Премьера «Мастера и Маргариты» собрала полный зал. Дебютные спектакли отыграли, а зал по-прежнему «до краев». Успешный телесериал, а затем реанимированный фильм Юрия Кары будто прорвали некий затор в отношении культового произведения Михаила Булгакова: достаточно на афише имени автора, чтобы решить проблему с продажей билетов. Но для режиссера браться за подобную литературу всегда рискованно. А где риск, там и смелость. Смельчаком оказался Григорий Лифанов (московский режиссер, немало работавший в Екатеринбурге).

Сложность переложения булгаковского текста на другие «эстетические носители» уже описывалась и анализировалась. Роман столь насыщен содержательно и образно, что придавать ему дополнительные смыслы режиссерской интерпретацией оказывалось губительно. Успеха достигали версии, уважительно приближенные к первоисточнику, как, например, фильм Владимира Бортко, избежавший серьезных купюр-потерь и сделавший произведение доступным, но не упрощенным.

Впечатление, что в спектакле Свердловского театра драмы пытались воссоздать не роман даже, а именно телесериал, стойко держалось в течение первого действия. Отсылки к нему давали прежде всего сами артисты, повторяя жесты, интонации, позы киногероев. Простецкая хитрость Никанора Ивановича Босого вызывала моментальные ассоциации с исполнением роли Валерием Золотухиным. Жена Семплеярова голосом, мимикой возвращала к сериальному варианту. И даже первое появление Маргариты, мощное и при этом тонкопоэтическое, выглядело не самостоятельным, а дублирующим экранный опыт. Если фильм называли иллюстрацией книги, то спектакль начинал казаться иллюстрацией фильма. Вторичность вторичного.

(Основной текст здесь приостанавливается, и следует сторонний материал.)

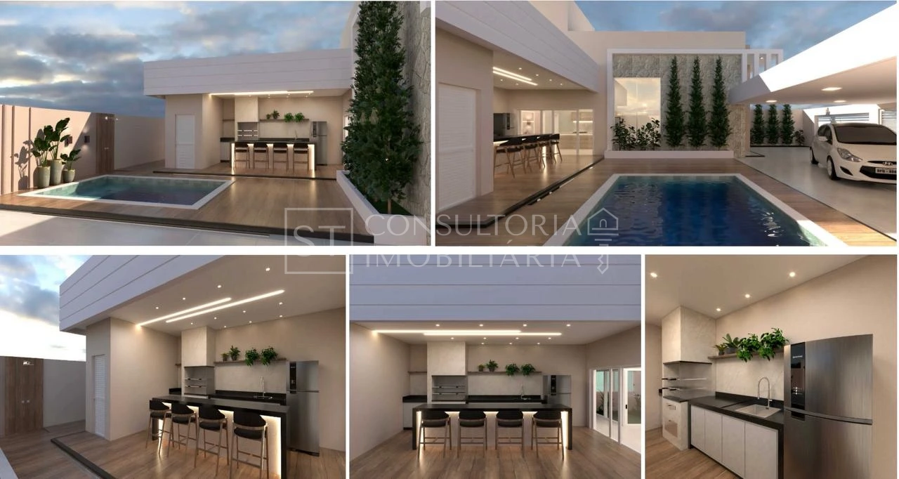 Casa com 3 dormitórios, sendo 1 suíte, sala de estar integrada à sala de jantar e cozinha, pé direito alto de 4,60 metros, área gourmet com ilha, churrasqueira, 2 banheiros sociais e piscina aquecida com hidromassagem e controle via Alexa.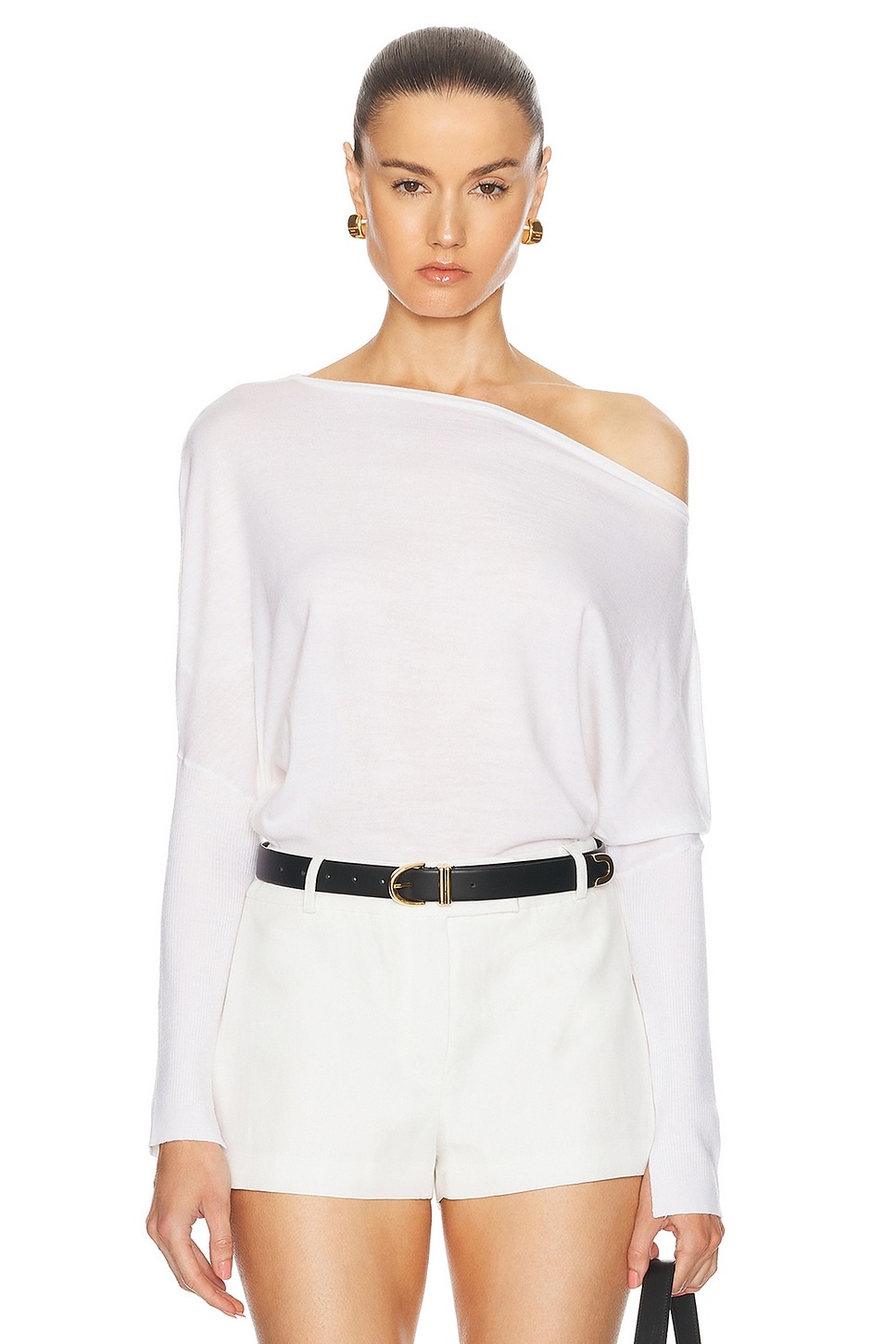 Lavina asymmetric off-the-shoulder ribbed wool-blend sweater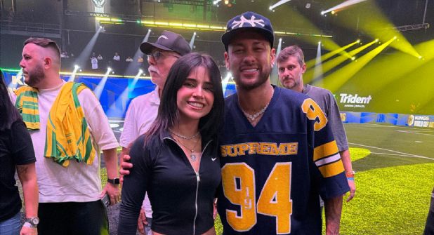 En la imagen se observa a Alana Flores posando junto a Neymar, actual presidente de la selección de Brasil dentro del formato de la Kings World Cup Nations, lo que simboliza la conexión entre el mundo del streaming y las grandes figuras del fútbol profesional.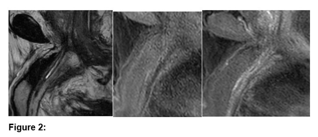 1. Case 1: A 62-year-old male with recurrent urethral strictures after-coronary bypass surgery and internal urethrotomy. MRI revealed complete occlusion of the distal prostatic urethra and partial stenosis in the proximal bulbous urethra. Anastomotic urethroplasty was successfully performed, excising a 2 cm fibrotic segment.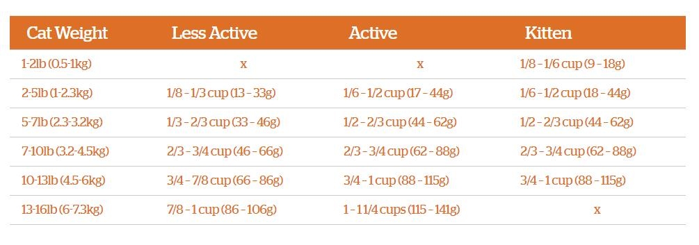 The amount of food your cat needs will vary depending on activity level, age and climate. Use our feeding chart as a guide, adjusting the quantity fed to achieve your cat’s ideal weight.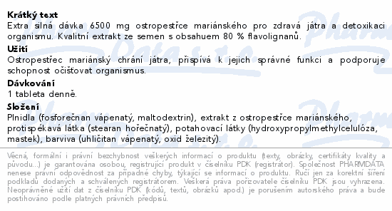 Extra silná dávka 6500 mg ostropestřce mariánského pro zdravá játra a detoxikaci organismu. Kvalitní extrakt ze semen s obsahuem 80 % flavolignanů.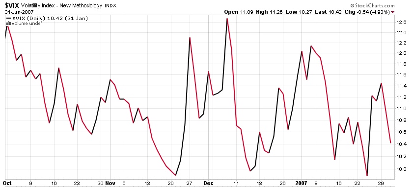 The CBOE Volatility Index (VIX) reached a low point last week not seen since 2007 as evidenced by the chart below.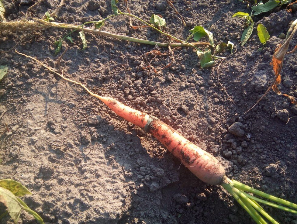 Несколько раз видел в Интернете фотографии, где на морковке обнаруживалось потерянное много лет назад кольцо. Обязательно приводилась красивая легенда, например: Мистер Хиггинс подарил своей жене кольцо, а потом ушел на фронт. Но миссис Хиггинс случайно потеряла это кольцо в своем саду, когда подрезала розы. А спустя 70 лет совершенно случайно ее правнучка обнаружила это кольцо на морковке, принесла прабабушке, та его узнала и хеппи енд. В моих закромах есть фотокарточка примерно пятилетней давности. Мои соседи по осени выкапывали овощи и на одной из морковок тоже обнаружили колечко. Позвали соседей, чтобы похвастаться. Меня тоже позвали. Только там кольцо не обручальное и даже совершенно не золотое. Хотя, возможно оно даже интереснее некоторых золотых будет. На морковке застрял небольшой перстенек "трехточечник". Подобные перстеньки были популярны среди простого населения с 17 до 19 веков. А огород, сами понимаете, долгое время хранит в своих недрах и монетки, и колечки, и крестики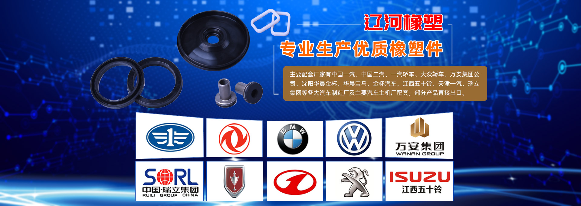 遼河集團主要生產各類汽車三角窗密封條、O形圈、油封、皮膜、皮碗、減震系列等各類橡塑密封件和汽車用橡膠制品,公司銷售網點遍布全國各地,目前已經為全國各大汽車制造廠及主要汽車主機廠配套各種橡膠制品。

Но вот со скрежетом выехавший на сцену трамвай, тот, что принес гибель Берлиозу, трансформируется в нехорошую квартиру, а после вполне органично становится романтическим пристанищем двух влюбленных. Сцена мистически раздвигается вглубь, вширь, ввысь, ее пространство бесконечно деформируется. И присущая роману магическая составляющая постепенно пропитывает ткань спектакля. Художник-постановщик из Варшавы Анна Томчинска создает единый сценический образ, графичный, конструктивно-технологичный и элегантный. Григорий Лифанов насыщает пространство чисто театральными приемами, и знакомые эпизоды начинают восприниматься по-новому. Когда театр берет на щит лишь ему присущие выразительные средства, не пытаясь состязаться с иными видами искусства в правдоподобии, а делая упор на условность, он выигрывает. Зритель же, по определению ведомый, постепенно настраивается на частоту звучания, которую задают и, что важно, выдерживают на протяжении нескольких часов создатели постановки.

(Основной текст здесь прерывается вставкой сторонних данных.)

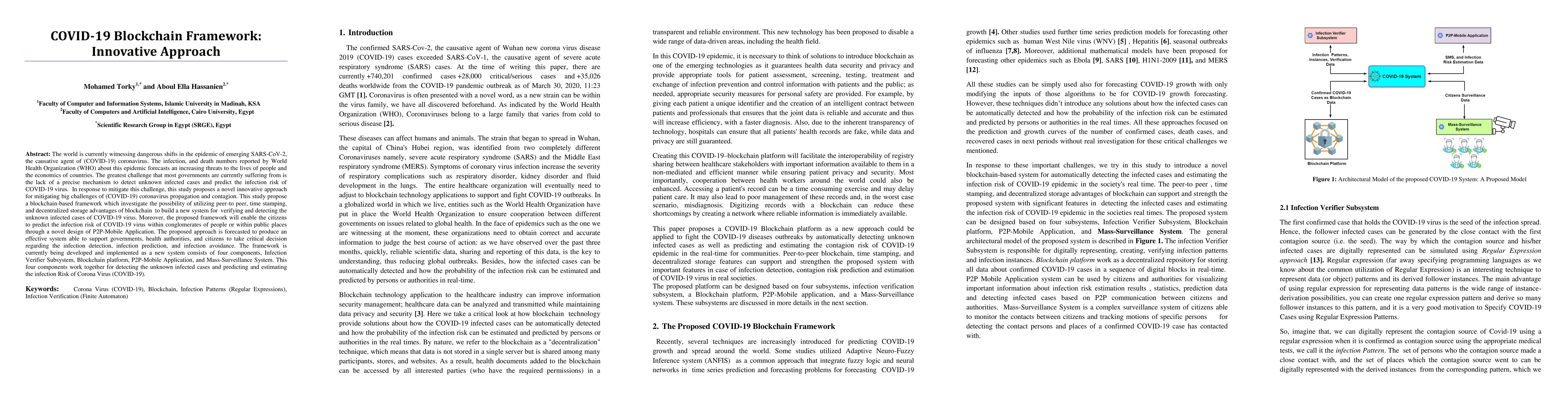 A blockchain-based framework is proposed to detect unknown COVID-19 cases and predict infection risk through a peer-to-peer application, aiming to support governments, health authorities, and citizens in making informed decisions.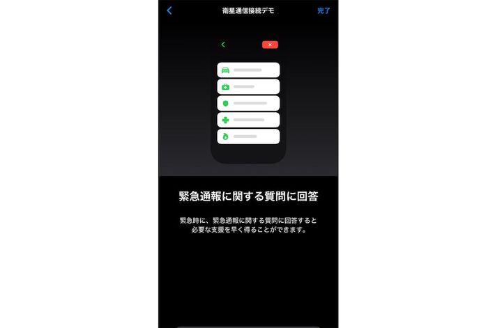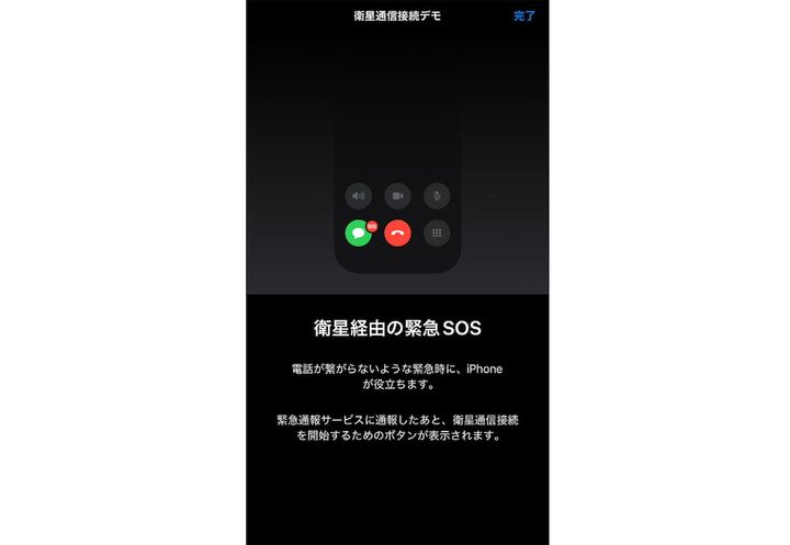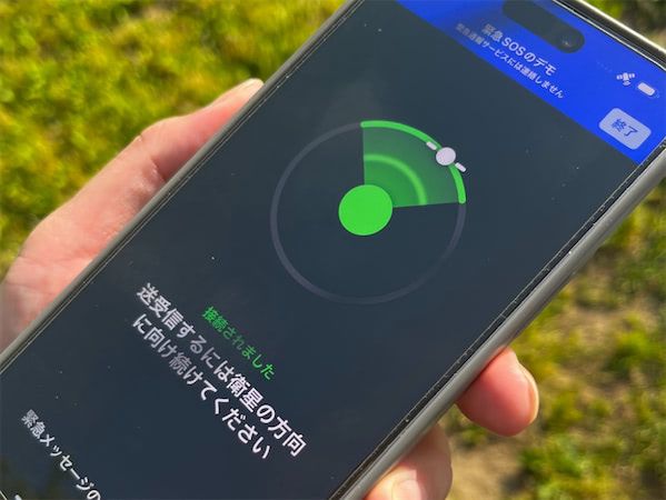 ①設定>緊急SOS>衛星経由の緊急SOS>デモを試す>衛星通信接続のテストをする。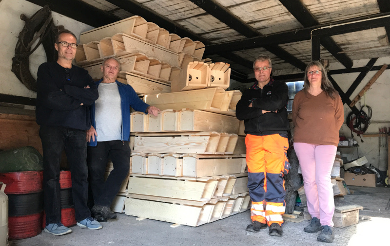 Es ist vollbracht: Der 2. Vorsitzende der FOGE, der Schreiner Lothar Grau (2. von rechts), hat in seiner Werkstatt in Horrheim insgesamt 121 neue Steinkauzröhren gezimmert. Die FOGE wird die Nisthilfen in den nächsten Jahren verwenden, um beschädigte Röhren auszutauschen und in geeigneten Habitaten neue Brutmöglichkeiten zu schaffen.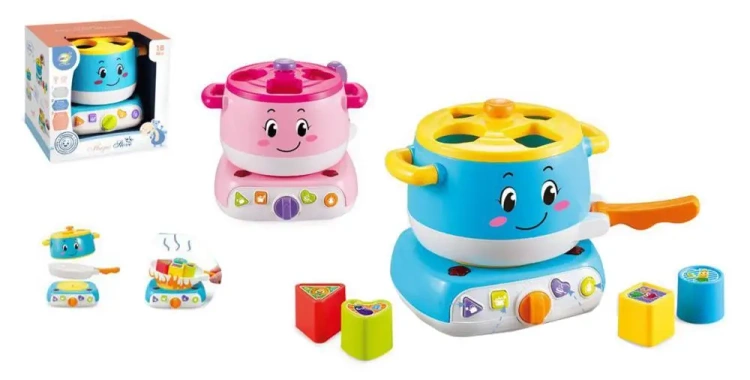 Interaktywny zestaw kuchenny – garnuszek do zabawy z funkcjami edukacyjnymi i klockami do sortowania kształtów. Naczynie świeci także kolorowym światełkiem i wydaje dźwięki (gotującej wody, kuchenki gazowej, gotującej zupy). Zabawka działa na baterie AA. Baterie nie są załączone do zabawki. Dostępny w dwóch wariantach kolorystycznych, kolor wybierany losowo. Cena dotyczy jednej sztuki. Produkt dla dzieci od 18 miesiąca życia. Zapakowany w kartonowe pudełko. Podane wymiary są wymiarami opakowani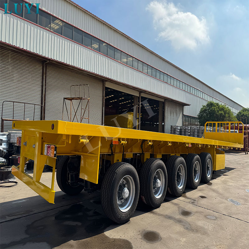 Nem sokkal ezelőtt egy méltóságteljes, de visszafogott szállítási ceremónia zajlott a LUYI shandong-i gyártóüzemében. Egyedi gyártású flotta5 tengelyes platós félpótkocsikrendezett vonalban állt, készen felszállni egy Tunéziába tartó teherhajóra Afrikában, és létfontosságú küldetésre indult, hogy támogassa az ország infrastrukturális fejlődését. Ez kulcsfontosságú mérföldkő a LUYI márka számára a tengerentúli piacokon való jelenlétének megerősítésében, és egyben a Kínában gyártott csúcskategóriás, nagy teherbírású berendezések élénk bemutatója is, amelyek a globális színtérre lépnek az afrikai infrastrukturális projektek megerősítése érdekében. A LUYI zászlóshajójaként az 5 tengelyes platós félpótkocsik világszerte számos országban és régióban széles körben dicséretet kaptak robusztus teherbíró képességüknek, megbízható minőségüknek és rugalmas alkalmazkodóképességüknek köszönhetően. 12500mm × 2500mm × 1550mm. Ez a kialakítás nemcsak Tunézia közúti szállítási normáinak felel meg, hanem maximalizálja a nehéz anyagok rakodási lehetőségét is. Az alapkonfigurációkat tekintve az 5 tengelyes platós félpótkocsik 13 tonnás, nagy szilárdságú tengelyekkel és 10 laprugóval vannak felszerelve, amelyekhez választható mechanikus vagy légrugós rendszer is párosul – így az 5 tengelyes platós félpótkocsik 300 tonnától 100 tonnáig terjedő maximális teherbírást tesznek lehetővé. Legyen szó nagy mérnöki gépekről, építőipari acélról vagy infrastrukturális kellékekről, az 5 tengelyes platós félpótkocsik stabil és megbízható szállítást biztosítanak. Ezenkívül az 5 tengelyes platós félpótkocsik kétsoros fékrendszerrel és 28 tonnás standard futóművel, valamint 12R22.5 nagy teherbírású gumiabroncsokkal vannak felszerelve, amelyek átfogóan védik a távolsági szállítás és az építkezési műveletek biztonságát – a fékezési hatékonyságtól a parkolási stabilitásig.

Зачем изображать зрительный зал (эпизод выступления в варьете), если он и так здесь. Нужно его сорганизовать играть самого себя. Это нас, современных жителей мегаполиса, а вовсе не довоенных москвичей, оценивал Воланд («Люди как люди, только квартирный вопрос их испортил»). Это нам на головы сыпались денежные ассигнации, и мы познавали всю связанную с этим «небесным явлением» гамму чувств. Зачем прерывать действие на антракт и нарушать целостность художественного организма спектакля, если можно дефицитное время использовать, например, на чтение Мастером своего романа. Рука режиссера порой совершала вполне изысканные жесты, а порой била наотмашь, как с навязчиво повторяющейся песней в психиатрической клинике. В любом случае самостийное срабатывало сильнее скопированного. Из актерских работ в этом отношении выделяются две. Воланд в исполнении Вячеслава Хархоты кому-то напомнил современного олигарха, кому-то модного циника, но точно не вызвал ассоциации ни с Олегом Басилашвили, ни с Валентином Гафтом. Александр Борисов в роли Мастера хоть и не прозвучал громко, но в общем шуме стойко вел собственную линию.

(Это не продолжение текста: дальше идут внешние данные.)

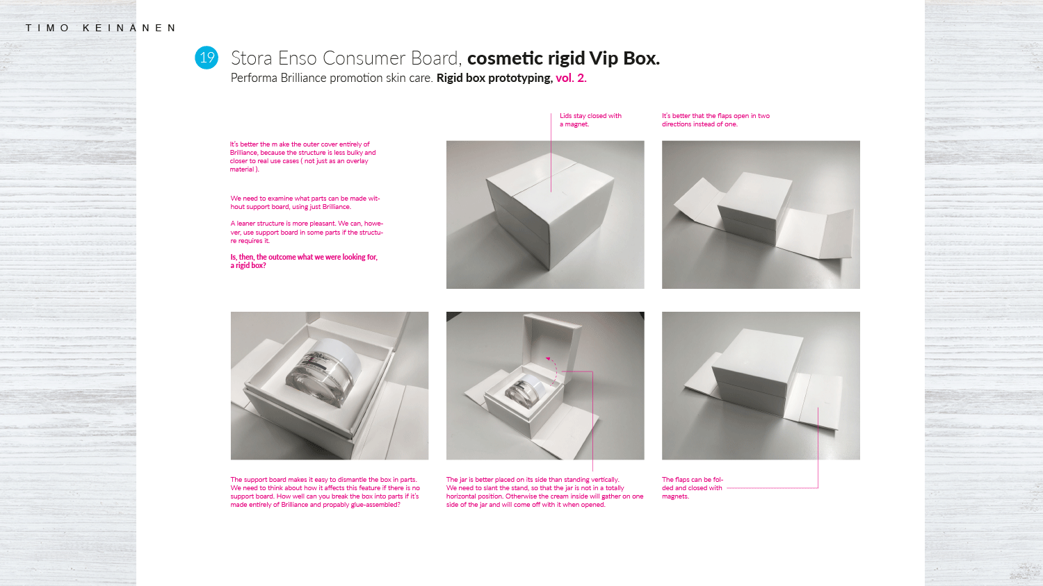 We attracted a Finnish company and design icon, Marimekko, as a partner for this venture. Kirsti Paakkanen, managed the company at the time. With her and her team we developed a few applications to test carboard packagings in practice with non-food consumer products. One example of these experiments is the Marimekko’s “Jokapoika” shirt consumer packaging series.

Все приемы, настроения, эстетические заявки, застолбленные в начале, не были брошены и забыты, а получили развитие в ходе спектакля. В том числе от сцены к сцене нарастал, становился очевиден подспудный страх спектакля показаться зрителю слишком серьезным. Дело не в том, что за скобки вынесена целая сюжетно-смысловая линия — нравственная схватка Иешуа и Понтия Пилата. Охватить целиком многоуровневый роман невозможно и, честно говоря, морально-этические и метафизические рассуждения, данные фоном, успешно сыграли свою роль. Дело в том, что театр боится говорить серьезно, опасаясь (возможно, справедливо), что массовый зритель его разлюбит. Обилие сценических «фокусов» создало атмосферу некоего волшебства, приподняло над бытом — и уберегло от погружения в философские и психологические глубины.

Сестры и братья

…Ситуация повторялась. Первое действие вызывало раздражение, как казалось, «точным непопаданием» в Чехова. Разве можно в постановках его пьес кричать, работать голосом? Разве уместно здесь излишество в любом виде? Да не сторонники мы того, чтобы классика почиталась священной коровой: «руками не трожь!». Трогать давно разрешается, обновлять, модную попонку надевать — пожалуйста, только коверкать нежелательно. Второе же действие как-то незаметно для строгого зрительского глаза отсекло необязательное, сохранило проникновенное, и вдруг оказалось, что ты полностью подсоединен к переживаниям героев.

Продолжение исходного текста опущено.